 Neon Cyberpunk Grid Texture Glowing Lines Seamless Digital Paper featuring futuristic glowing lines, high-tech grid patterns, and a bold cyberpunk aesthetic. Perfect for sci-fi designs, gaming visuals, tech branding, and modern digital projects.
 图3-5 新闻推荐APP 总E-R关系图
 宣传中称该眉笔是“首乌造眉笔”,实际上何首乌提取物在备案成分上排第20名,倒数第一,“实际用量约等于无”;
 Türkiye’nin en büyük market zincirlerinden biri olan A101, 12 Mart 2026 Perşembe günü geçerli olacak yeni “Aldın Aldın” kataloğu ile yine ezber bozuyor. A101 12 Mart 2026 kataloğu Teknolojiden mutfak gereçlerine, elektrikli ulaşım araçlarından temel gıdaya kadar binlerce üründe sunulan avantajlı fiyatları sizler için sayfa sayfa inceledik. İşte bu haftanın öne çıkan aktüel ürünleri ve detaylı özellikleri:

_ _ _ _ _

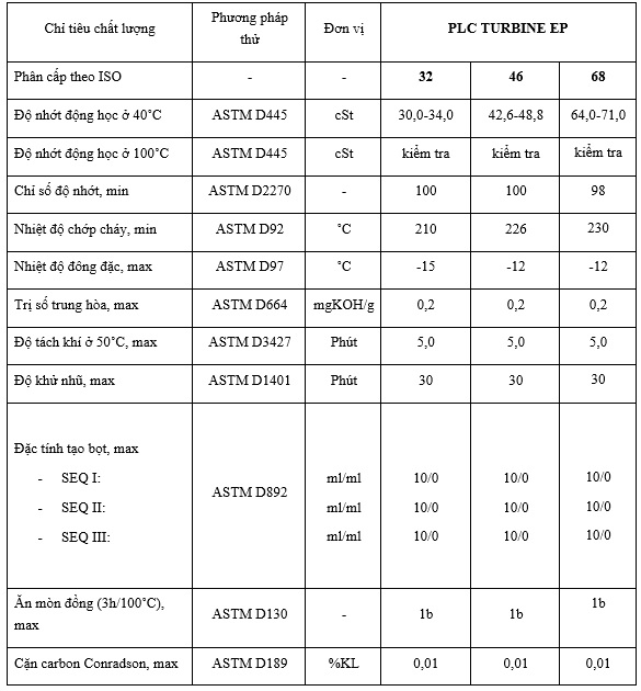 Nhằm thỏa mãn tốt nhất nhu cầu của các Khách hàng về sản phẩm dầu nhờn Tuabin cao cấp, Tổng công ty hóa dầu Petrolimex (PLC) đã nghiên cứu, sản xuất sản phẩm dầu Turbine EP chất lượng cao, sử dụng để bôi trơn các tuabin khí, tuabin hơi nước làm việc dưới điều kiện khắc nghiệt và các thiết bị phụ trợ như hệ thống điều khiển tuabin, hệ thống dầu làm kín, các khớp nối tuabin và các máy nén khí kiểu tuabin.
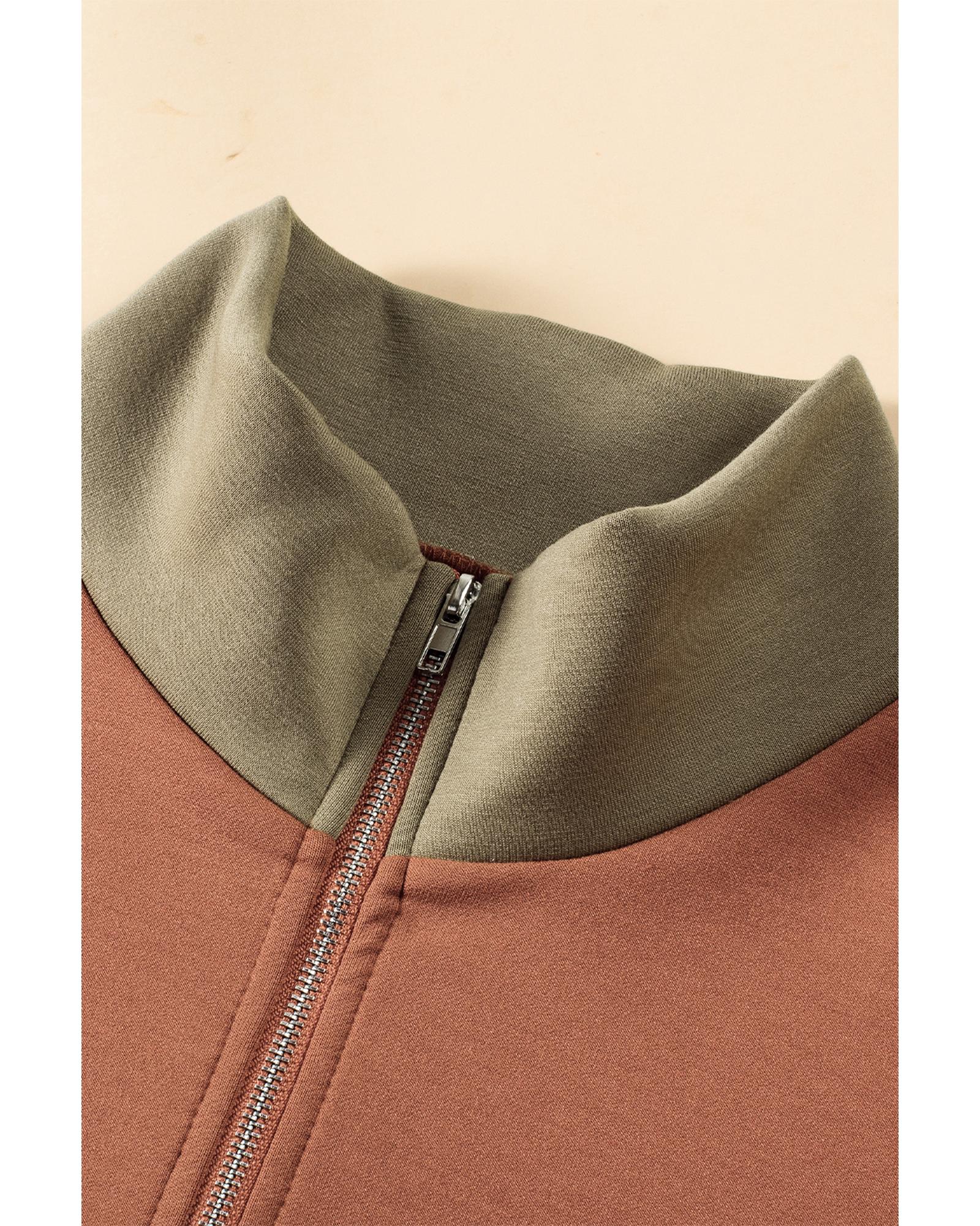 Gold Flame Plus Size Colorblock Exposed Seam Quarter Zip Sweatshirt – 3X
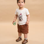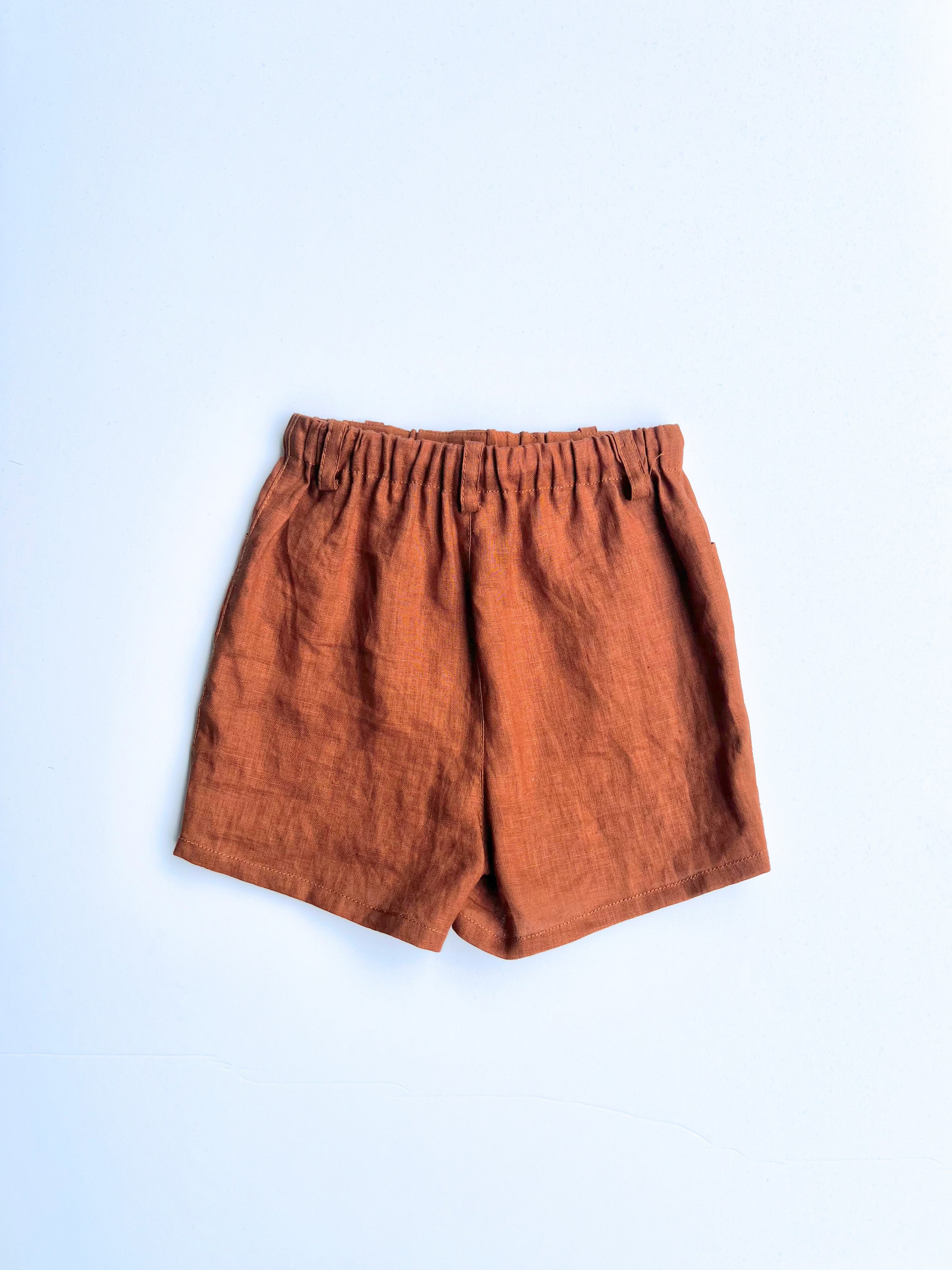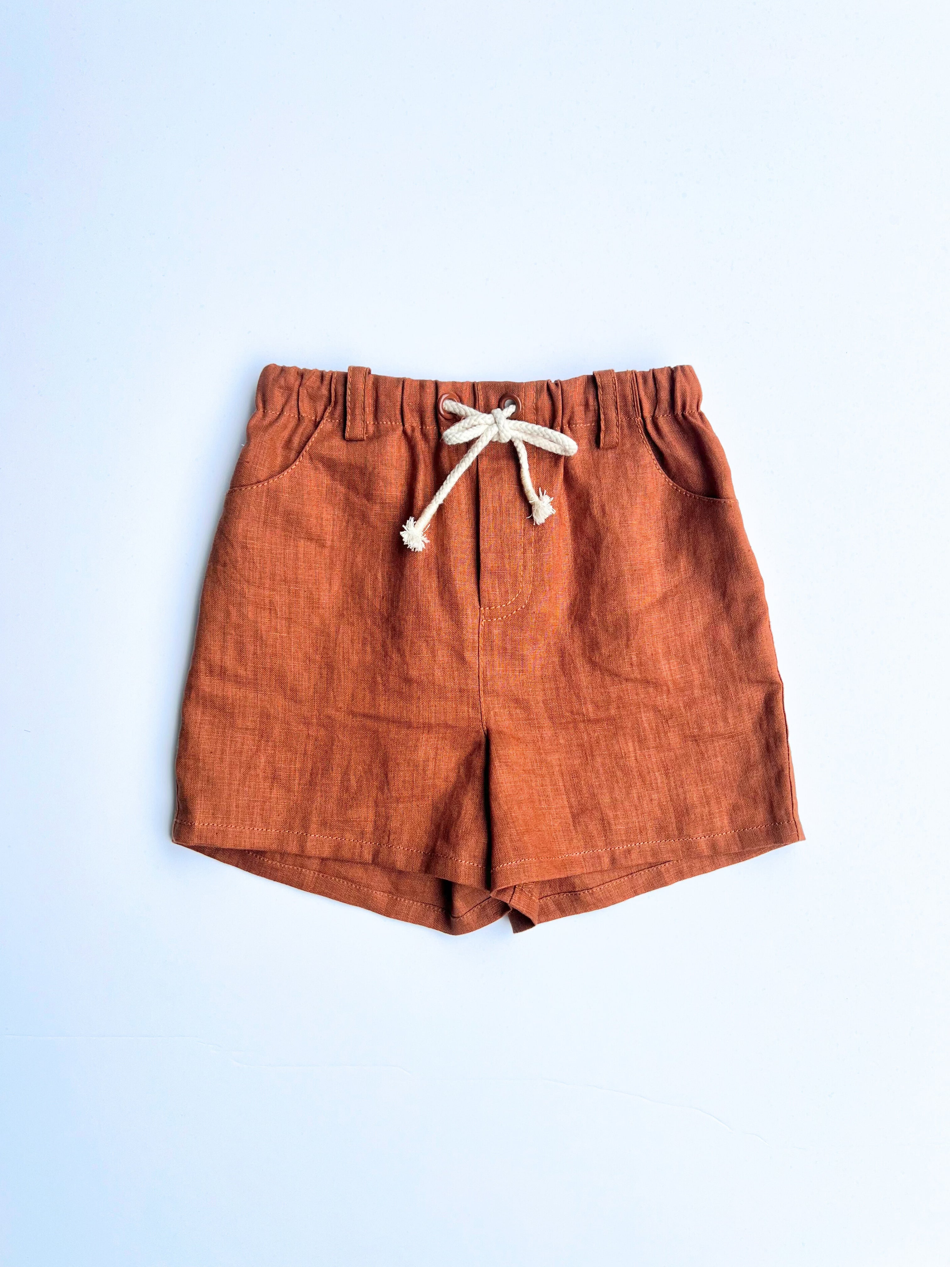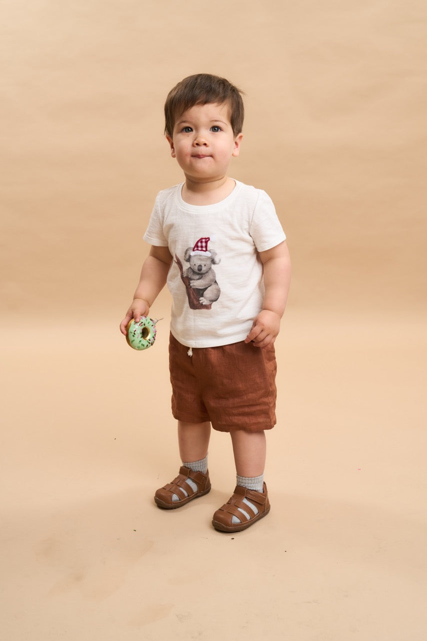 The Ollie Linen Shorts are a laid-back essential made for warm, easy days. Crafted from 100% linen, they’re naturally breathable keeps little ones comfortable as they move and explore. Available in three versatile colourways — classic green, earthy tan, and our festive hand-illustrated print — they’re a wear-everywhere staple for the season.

_ _ _ _ _

__Exercise description__. Copy out, exactly and alone, the lines of the entries above between the ones holding "Neon Cyberpunk Grid" and "图3-5 新闻推荐APP 总E-R关系图", inclusive.

__Answer below__.
 Neon Cyberpunk Grid Texture Glowing Lines Seamless Digital Paper featuring futuristic glowing lines, high-tech grid patterns, and a bold cyberpunk aesthetic. Perfect for sci-fi designs, gaming visuals, tech branding, and modern digital projects.
 图3-5 新闻推荐APP 总E-R关系图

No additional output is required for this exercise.